At the annual Japan Geoscience Union Meeting on Sunday, researchers from the Berkeley Seismological Laboratory presented a new application designed to improve the detection of earthquakes by employing the sensors in smartphones.
The application, which is called MyShake, compiles motion data from smartphones’ sensors into a server at the seismology lab to determine whether an earthquake occurred. According to Qingkai Kong, a campus seismology doctoral student who worked on the Berkeley Seismological Lab team that helped develop the project, the application will allow for earthquake detection in places such as Nepal that do not already have in-ground sensors.
“We have the app downloaded by people all over the world, but currently, the density of the phones (that use the application is) still relatively low,” Kong said.
In other locations that already have these sensors, such as Japan, the researchers hope the application will improve earthquake detection by providing additional data. Kong said that the team hopes its presentation Sunday will encourage users in Japan to download the application, which has managed to garner about 170,000 downloads and 12,000 daily active users since its launch Feb. 12.

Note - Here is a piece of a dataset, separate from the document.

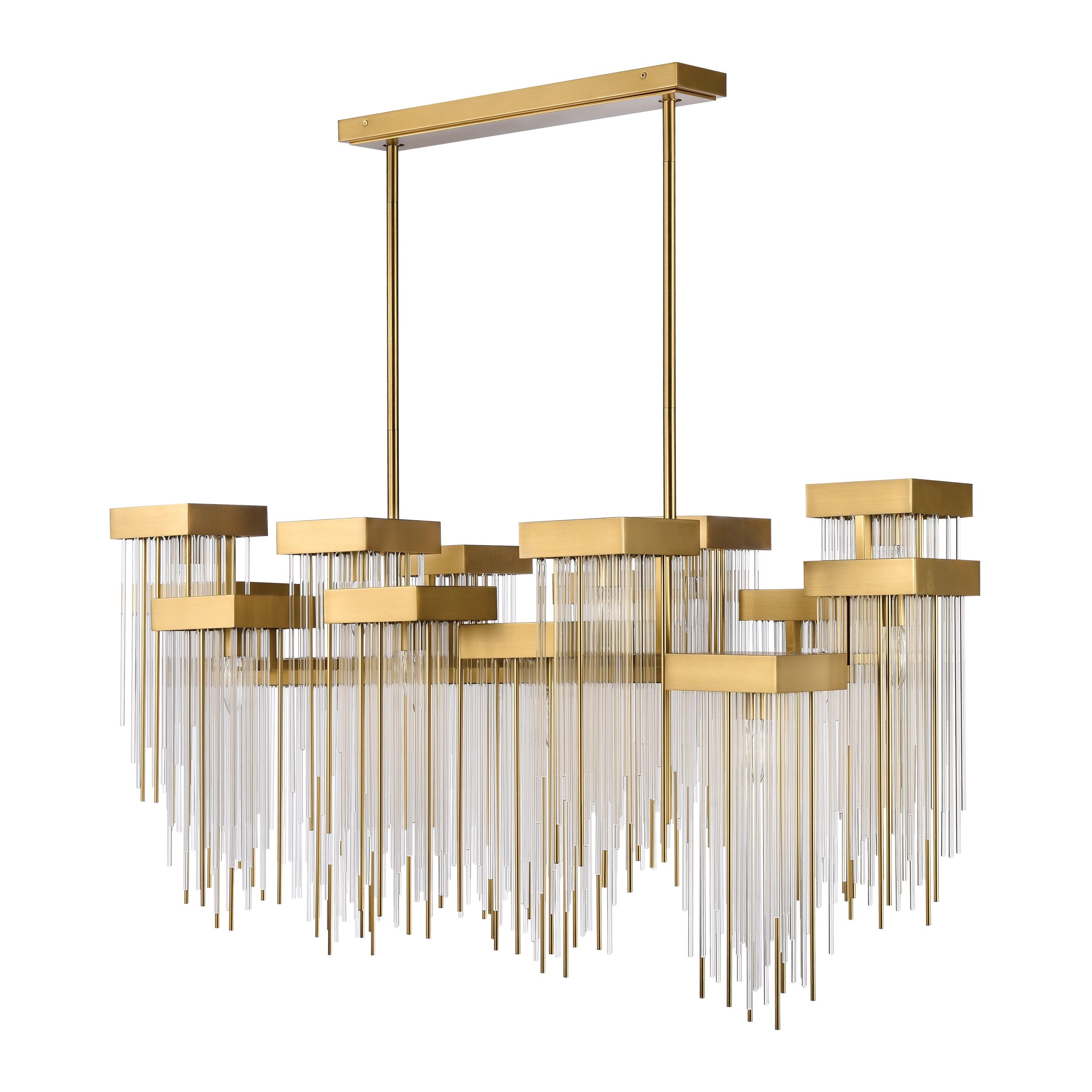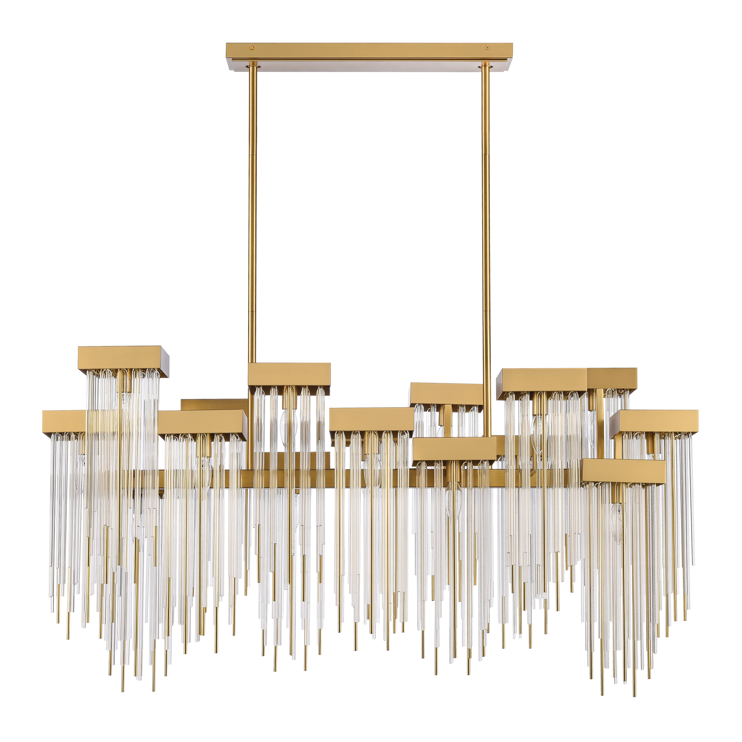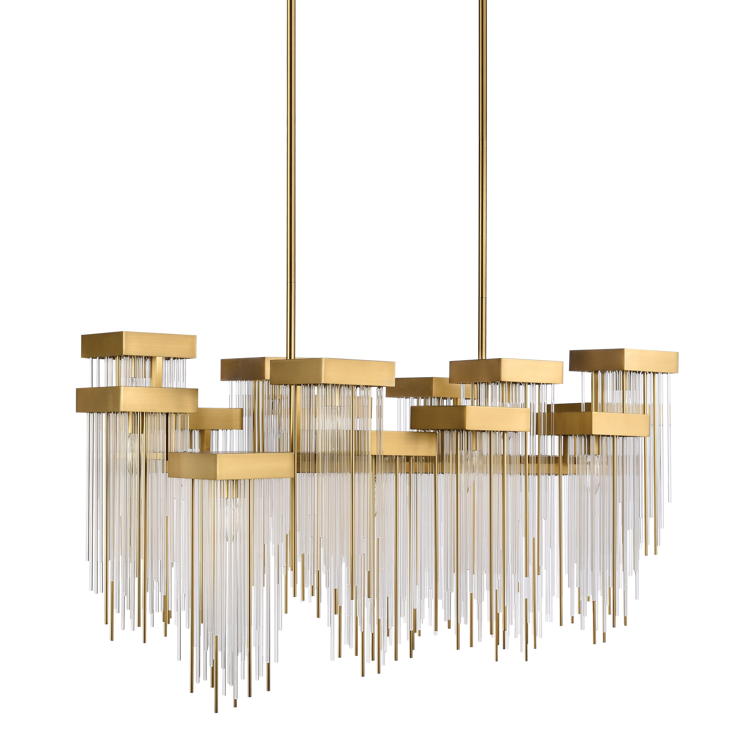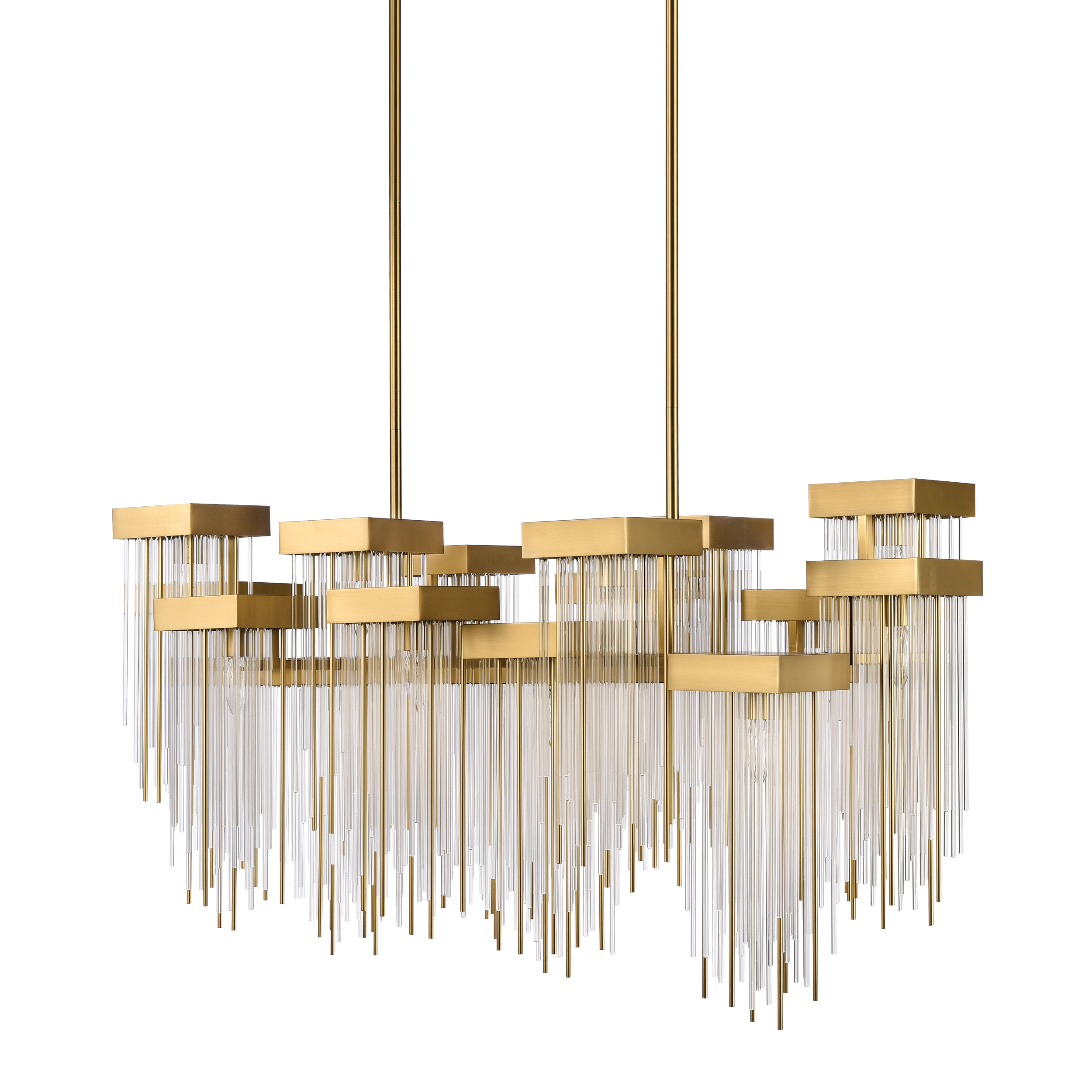 Waterfall 49″ 16-Light, Cityscape Glass Chandelier in Aged Brass

The project began in 2012 when Kong and other researchers from the seismology lab began to develop and test algorithms that would enable a smartphone to distinguish the motions of an earthquake from those of human activity. Soon after, programmers from Telekom Innovation Laboratories joined the project, implementing the researchers’ algorithms into a smartphone application, according to Telekom Vice President Louis Schreier.
“We like working with really top-tier universities where the collaboration seems to be beneficial to both sides,” Schreier said of Telekom’s partnership with the Berkeley Seismology Lab.
The MyShake project is funded by grants from the Gordon and Betty Moore Foundation, which recently awarded $1 million to the Berkeley Seismological Lab researchers Feb. 2.
Robert Kirshner, the chief program officer for science for the foundation, emphasized the public safety benefits of the project, as well as the potential of the smartphone data to further increase understanding of earthquakes within the field of geophysics.
“(UC Berkeley) has been especially good at bridging that gap between research and public benefit,” Kirshner said.
The foundation expects the team to use the grant to operate and maintain the MyShake network for the next two years and to improve the way it uses information from smartphones, according to Kirshner.
Kong said that the team is still collecting more data to ensure the stability and accuracy of the system in order to improve its algorithms. Once the team adjusts the algorithms, it hopes to use the data to enhance earthquake warning systems.